Tambang, – Pemerintah Kabupaten Kampar terus berkomitmen dalam menekan angka kekerasan dalam rumah tangga sekaligus meningkatkan kemandirian ekonomi kaum perempuan. Langkah nyata ini diwujudkan melalui pembukaan Kegiatan Sosialisasi Undang-Undang Penghapusan Kekerasan Dalam Rumah Tangga (UU PKDRT) yang disejalankan dengan Pelatihan Membuat Sabun Cuci Piring, bertempat di Aula Kecamatan Tambang, Selasa (30/07).
Acara resmi ini diinisiasi oleh Pusat Data dan Informasi Perempuan Riau (Pusdatin Puanri) Kabupaten Kampar yang berkolaborasi erat dengan Dinas Pengendalian Penduduk, Keluarga Berencana, Pemberdayaan Perempuan dan Perlindungan Anak (DPPKBP3A) Kabupaten Kampar.
Kegiatan ini dibuka secara resmi oleh Wakil Bupati Kampar, Dr.

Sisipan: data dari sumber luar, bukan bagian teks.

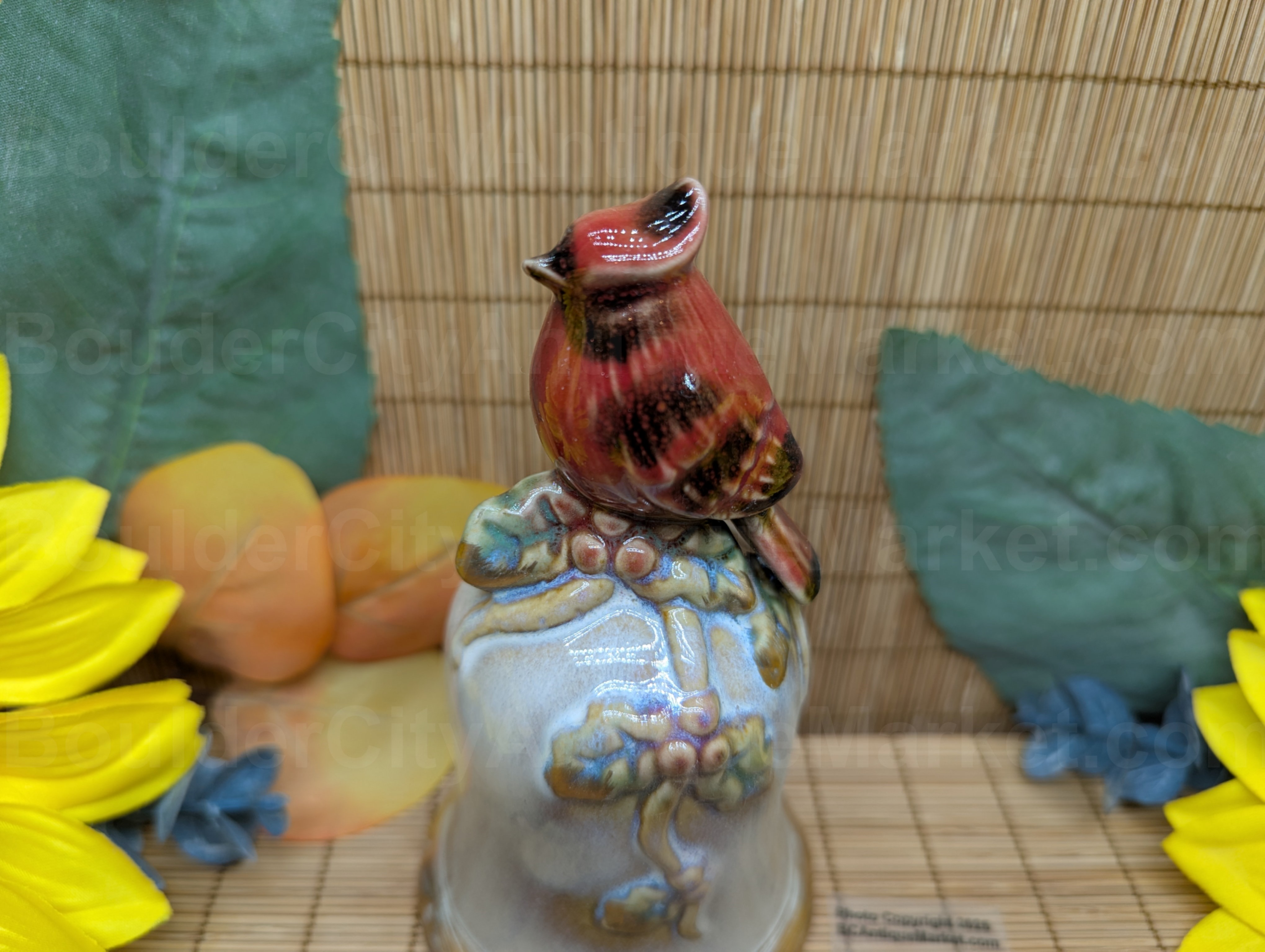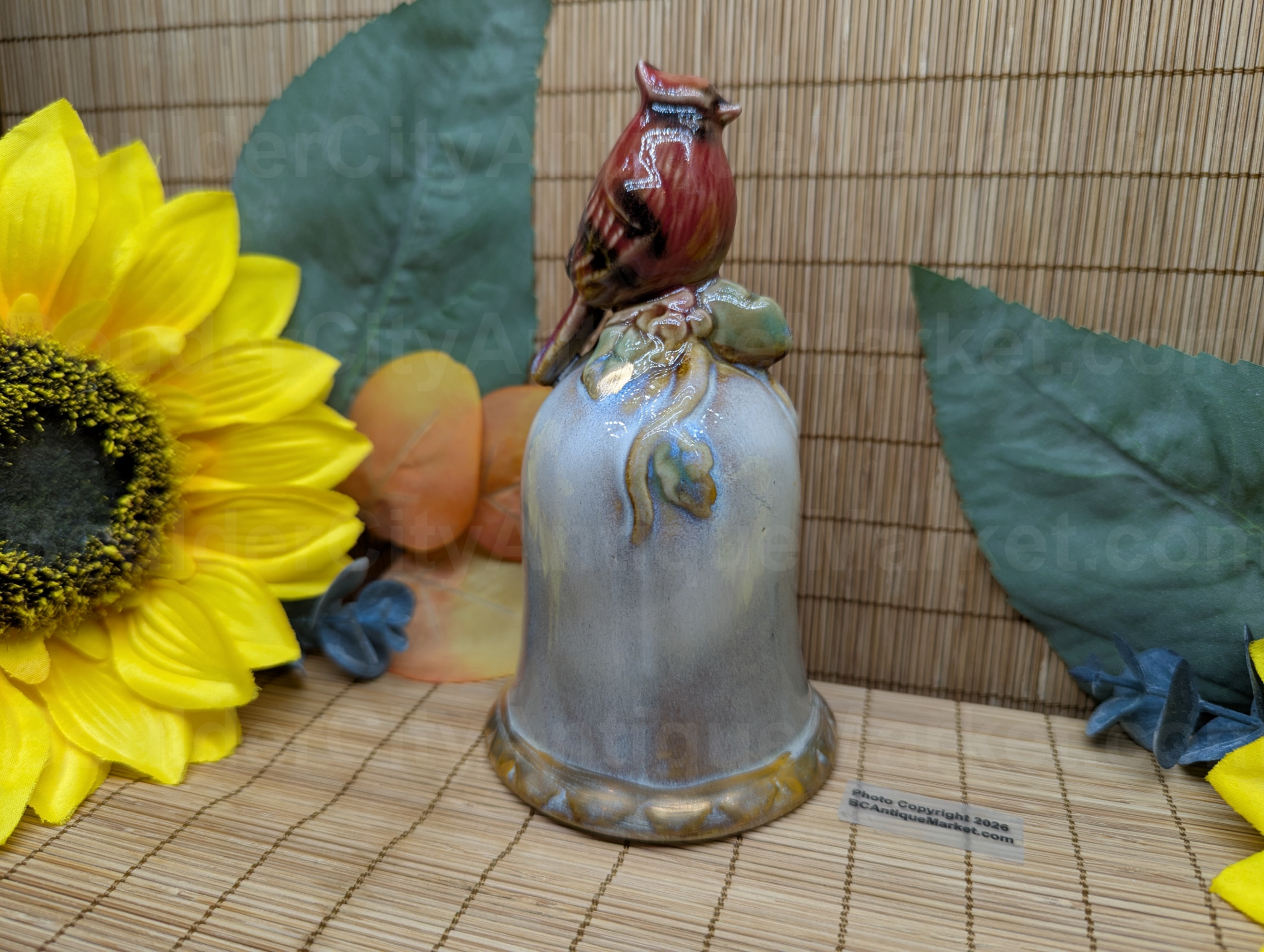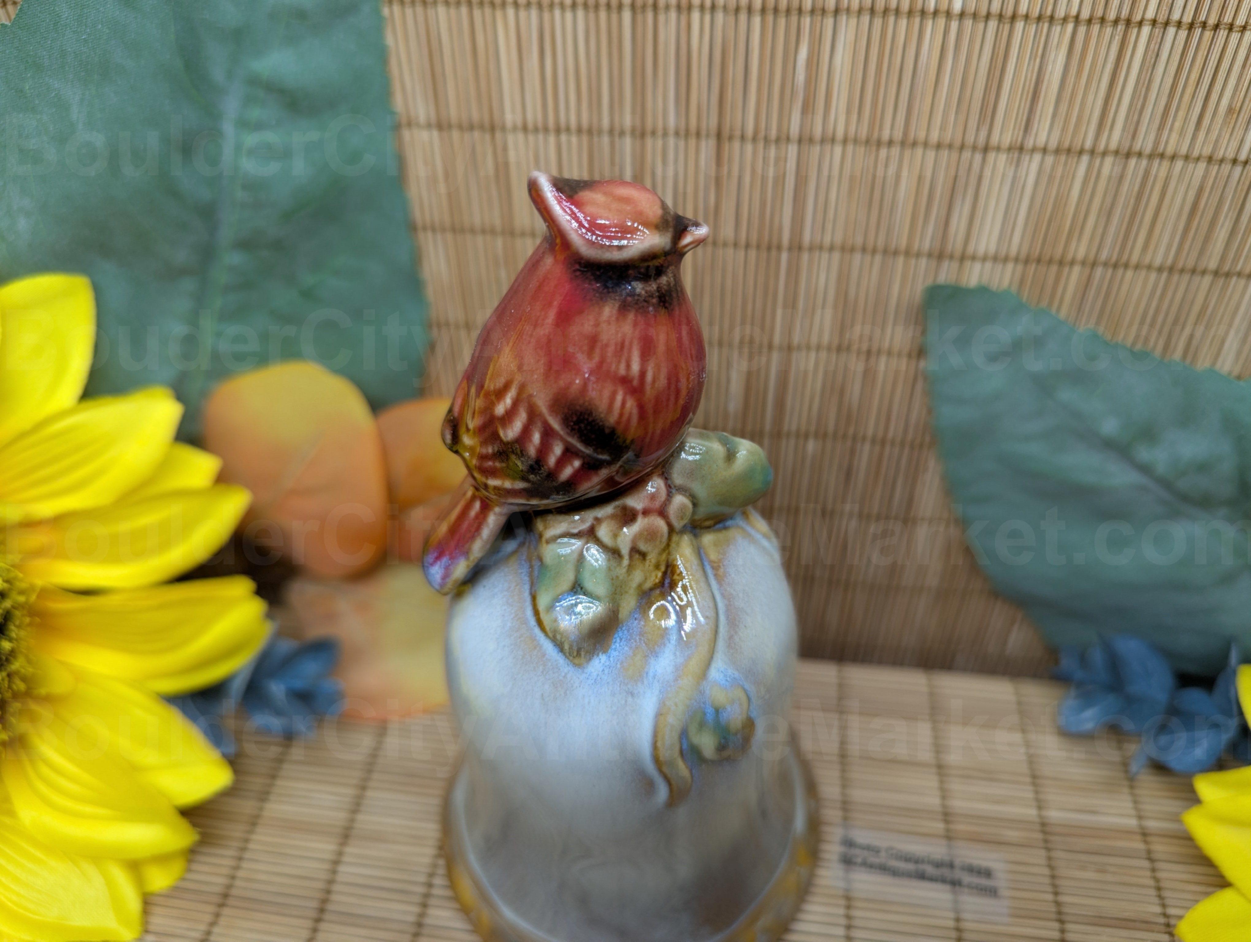 Vintage pottery style 5.25″ holiday cardinal bell. Likely dates from the 1980s?

H. Misharti, S.Ag., M.Si. yang juga merupakan Ketua (Pusdatin Puanri) Kabupaten Kampar. Dalam arahannya, Wakil Bupati menegaskan bahwa pemahaman terhadap UU PKDRT sangat krusial untuk memberikan perlindungan hukum bagi perempuan dan anak. Beliau juga mengapresiasi inovasi pelatihan pembuatan sabun sebagai langkah strategis dalam mendongkrak ekonomi kreatif keluarga.
"Kemandirian finansial perempuan terbukti efektif menurunkan potensi stres emosional di dalam keluarga yang sering memicu tindakan kekerasan," tegas Wabup saat membuka acara.
Turut mendampingi Wakil Bupati di lokasi acara, Kepala DPPKBP3A Kabupaten Kampar, Drs. Edi Afrizal, M.Si. Dalam penyampaiannya, Kepala Dinas menekankan bahwa sinergi lintas sektor ini diharapkan mampu menciptakan ketahanan keluarga yang kokoh, baik dari sisi psikologis, hukum, maupun finansial.
Untuk memastikan output yang maksimal, panitia penyelenggara menghadirkan para narasumber berkompeten di bidang hukum perlindungan perempuan dan praktisi wirausaha. Melalui sosialisasi dan pelatihan ini, para peserta yang didominasi oleh kaum ibu diharapkan tidak hanya melek hukum, tetapi juga pulang membawa keterampilan baru yang bernilai ekonomis tinggi.